╭──
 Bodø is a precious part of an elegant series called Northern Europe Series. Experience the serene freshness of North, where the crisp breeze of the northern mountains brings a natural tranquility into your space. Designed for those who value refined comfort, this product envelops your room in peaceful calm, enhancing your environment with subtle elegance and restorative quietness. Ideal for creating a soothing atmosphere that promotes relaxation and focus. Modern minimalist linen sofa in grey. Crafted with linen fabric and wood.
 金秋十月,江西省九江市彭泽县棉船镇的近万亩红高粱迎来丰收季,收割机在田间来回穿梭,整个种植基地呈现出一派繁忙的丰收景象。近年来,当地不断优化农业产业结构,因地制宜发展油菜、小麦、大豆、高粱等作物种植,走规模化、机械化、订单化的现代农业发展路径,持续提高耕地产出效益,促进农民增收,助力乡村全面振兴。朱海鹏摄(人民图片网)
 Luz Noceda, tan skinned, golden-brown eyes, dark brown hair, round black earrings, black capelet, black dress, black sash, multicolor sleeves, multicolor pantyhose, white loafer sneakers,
╰──
╭──
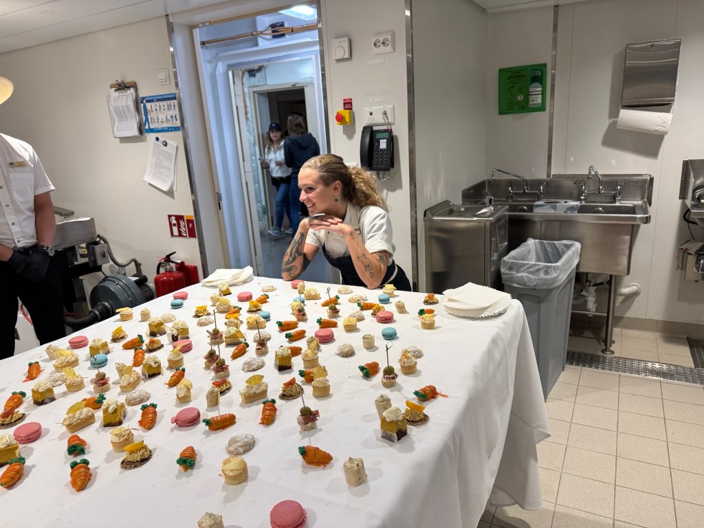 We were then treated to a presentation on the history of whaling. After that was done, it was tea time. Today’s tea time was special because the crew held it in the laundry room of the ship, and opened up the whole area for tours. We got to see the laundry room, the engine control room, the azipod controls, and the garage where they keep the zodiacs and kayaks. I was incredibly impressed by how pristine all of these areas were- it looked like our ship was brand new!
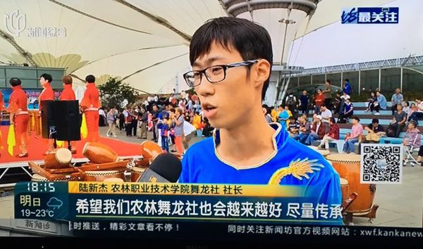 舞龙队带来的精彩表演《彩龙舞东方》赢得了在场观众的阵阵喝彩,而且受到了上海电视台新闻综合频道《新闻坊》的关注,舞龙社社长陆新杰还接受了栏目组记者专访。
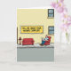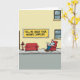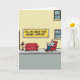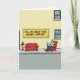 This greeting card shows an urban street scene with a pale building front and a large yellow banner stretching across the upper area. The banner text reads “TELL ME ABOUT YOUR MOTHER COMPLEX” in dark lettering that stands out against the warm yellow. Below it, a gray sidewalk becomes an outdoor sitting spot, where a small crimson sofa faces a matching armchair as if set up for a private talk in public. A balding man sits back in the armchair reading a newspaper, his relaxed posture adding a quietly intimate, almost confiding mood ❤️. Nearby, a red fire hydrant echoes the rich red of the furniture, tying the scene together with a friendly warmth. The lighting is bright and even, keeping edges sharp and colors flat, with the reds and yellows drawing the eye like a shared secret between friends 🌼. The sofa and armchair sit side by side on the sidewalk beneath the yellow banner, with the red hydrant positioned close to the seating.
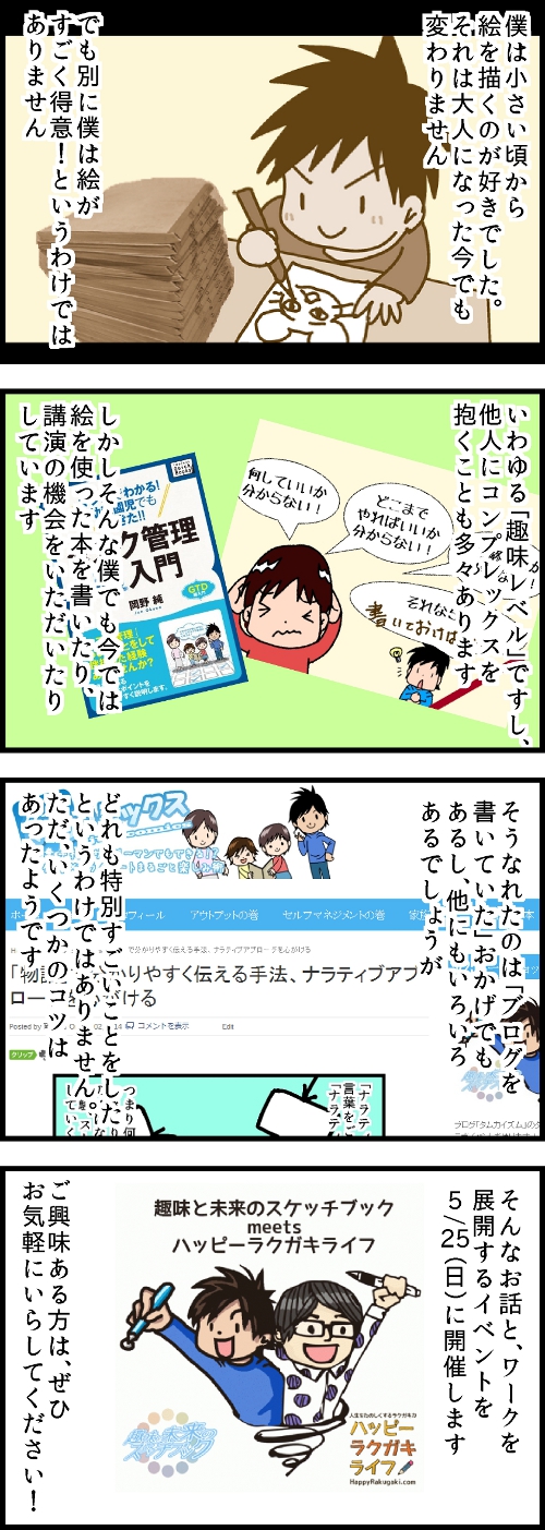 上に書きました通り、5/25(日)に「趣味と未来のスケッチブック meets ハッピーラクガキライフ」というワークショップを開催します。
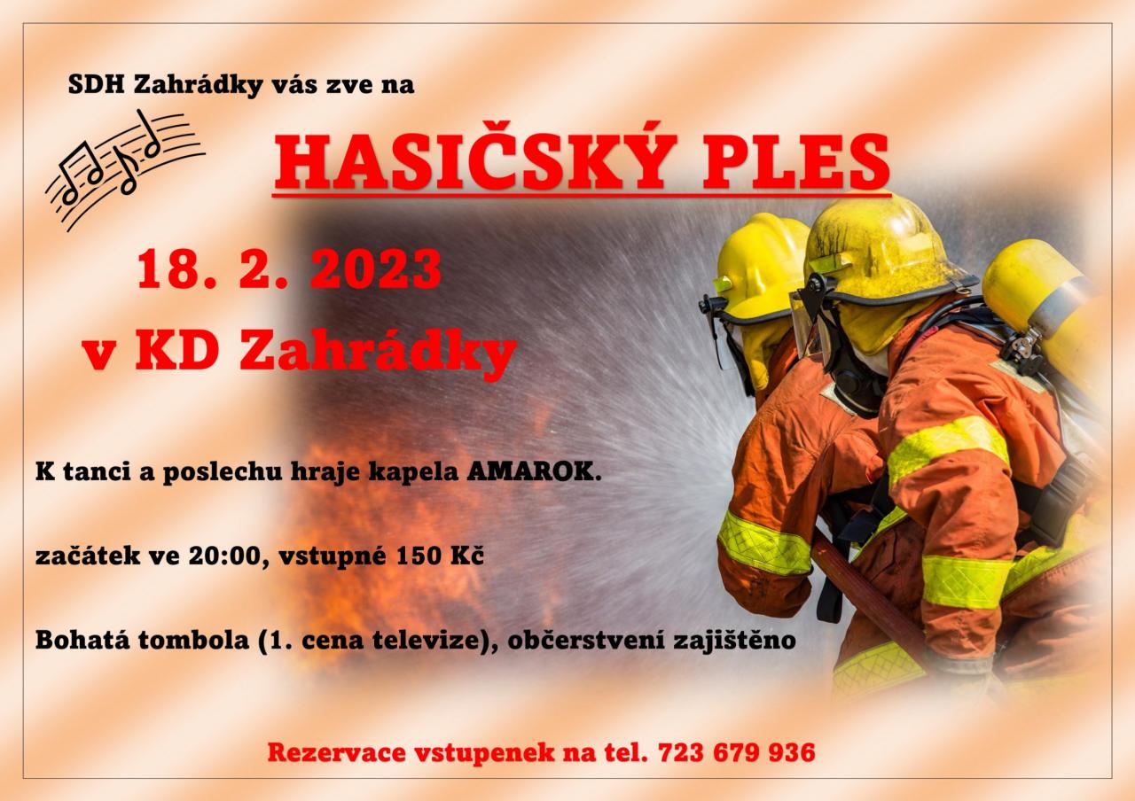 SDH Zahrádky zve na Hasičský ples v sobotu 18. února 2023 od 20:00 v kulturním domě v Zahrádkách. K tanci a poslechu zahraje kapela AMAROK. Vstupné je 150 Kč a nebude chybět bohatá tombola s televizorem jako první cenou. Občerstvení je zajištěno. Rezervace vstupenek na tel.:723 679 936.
╰──
## [Your instructions]
When you reach the line that has "We were then" in the data above, start repeating lines exactly, and stop after the line that has "舞龙队带来的精彩表演《彩龙舞"; pictures stay out.

## [Answer box]
 We were then treated to a presentation on the history of whaling. After that was done, it was tea time. Today’s tea time was special because the crew held it in the laundry room of the ship, and opened up the whole area for tours. We got to see the laundry room, the engine control room, the azipod controls, and the garage where they keep the zodiacs and kayaks. I was incredibly impressed by how pristine all of these areas were- it looked like our ship was brand new!
 舞龙队带来的精彩表演《彩龙舞东方》赢得了在场观众的阵阵喝彩,而且受到了上海电视台新闻综合频道《新闻坊》的关注,舞龙社社长陆新杰还接受了栏目组记者专访。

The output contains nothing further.